The substituent effects are as follows:
$(I)$ $-NMe_2$: Strong $+M$ effect (strongly electron-donating).
$(II)$ $-NO_2$: Strong $-M$ effect (strongly electron-withdrawing).
$(III)$ $-OCH_3$: $+M$ effect (electron-donating).
$(IV)$ $-CH_3$: $+I$ effect (weakly electron-donating).
Thus,the electron-withdrawing order is: $-NO_2 > -CH_3 > -OCH_3 > -NMe_2$.
Therefore,the order of reactivity is: $(I) < (III) < (IV) < (II)$.

(B) The nitration of acetanilide $(C_6H_5NHCOCH_3)$ is an electrophilic aromatic substitution reaction.

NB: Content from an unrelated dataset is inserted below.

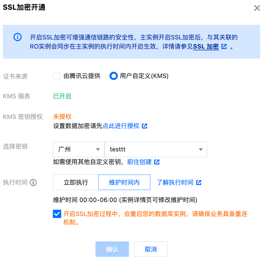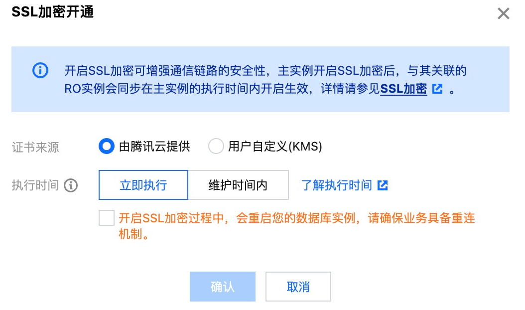 若没有可选的证书,或者已有证书不符合您的要求,您可单击 前往创建,到 KMS 控制台创建证书后,再返回选择新创建的证书。 4. 在弹窗下选择执行时间,勾选“开启 SSL 加密过程中,会重启您的数据库实例,请确保业务具备重连机制”,单击确定。
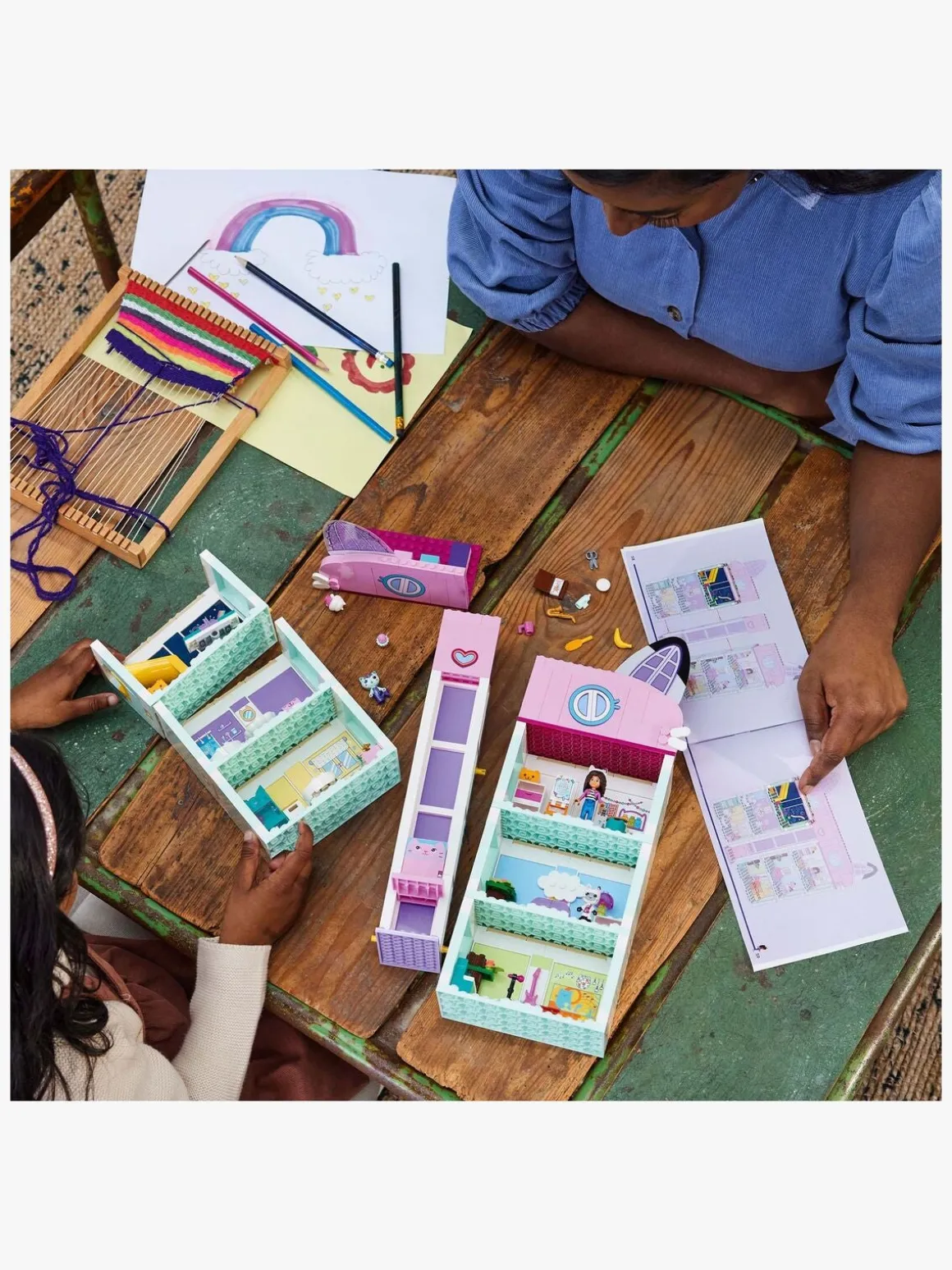 Gabbys dukkehus indeholder 8 farverige rum forbundet med en elevator, og hvert rum er fyldt med aktiviteter. F.eks. kan børn bage i køkkenet, bruge rutsjebanen i legerummet, være kreative i kunstlokalet, spille klaver i musiklokalet, slappe af på badeværelset, tage en lur i soveværelset eller gå optil taget og feste på det drejelige dansegulv. Børn kan dele eventyret med 4 populære figurer fra serien: Gabby, Pandy Pote, Muffins og Havkat. Der medfølger en byggevejledning med billedhistorie, og LEGO Builder appen indeholder intuitive zoom- og drejeværktøjer. En stor startklods sikrer, at det sjove byggeri begynder med det samme.

The acetamido group $(-NHCOCH_3)$ is strongly activating and ortho/para-directing. Due to the steric hindrance of the bulky acetamido group,the para-isomer is the major product.
$1$. Nitration of acetanilide with $conc. HNO_3 / H_2SO_4$ yields $p-$nitroacetanilide as the major product.
$2$. Subsequent alkaline hydrolysis of $p-$nitroacetanilide removes the acetyl group to yield $p-$nitroaniline.
The reaction sequence is:
$C_6H_5NHCOCH_3$ $\xrightarrow{HNO_3/H_2SO_4} p-NO_2-C_6H_4-NHCOCH_3$ $\xrightarrow{OH^-/H_2O} p-NO_2-C_6H_4-NH_2$.

(C) The reaction of aniline with $NaNO_2$ and $HCl$ at $273-278 \ K$ is a diazotization reaction,which produces benzene diazonium chloride as the intermediate $X$.
Benzene diazonium chloride $(C_6H_5N_2^+Cl^-)$ is then hydrolyzed by heating with water $(H_2O/\Delta)$ to form phenol as the major product.
Therefore,$X$ is benzene diazonium chloride and $A$ is $H_2O/\Delta$.

(C) The Hoffmann Bromamide degradation reaction involves the conversion of an amide $(RCONH_2)$ to a primary amine $(RNH_2)$ using $Br_2$ and $NaOH$ (or $KOH$).
$A$. $C_6H_5CH_2CONH_2 + Br_2 + 4NaOH \rightarrow C_6H_5CH_2NH_2 + Na_2CO_3 + 2NaBr + 2H_2O$. This is a Hoffmann Bromamide degradation.
$B$. $C_6H_5CN$ $\xrightarrow{KOH, H_2O} C_6H_5CONH_2$ $\xrightarrow{Br_2, NaOH} C_6H_5NH_2$. This involves Hoffmann Bromamide degradation in the second step.
$C$. $C_6H_5CH_2COCH_3$ $\xrightarrow{Br_2, NaOH} C_6H_5CH_2COOH$ $\xrightarrow{NH_3, \Delta} C_6H_5CH_2CONH_2$ $\xrightarrow{LiAlH_4} C_6H_5CH_2CH_2NH_2$. The first step is a haloform reaction,and the final step is a reduction. This reaction does not involve Hoffmann Bromamide degradation.
$D$. $C_6H_5COCl$ $\xrightarrow{NH_3} C_6H_5CONH_2$ $\xrightarrow{Br_2, NaOH} C_6H_5NH_2$. This involves Hoffmann Bromamide degradation in the second step.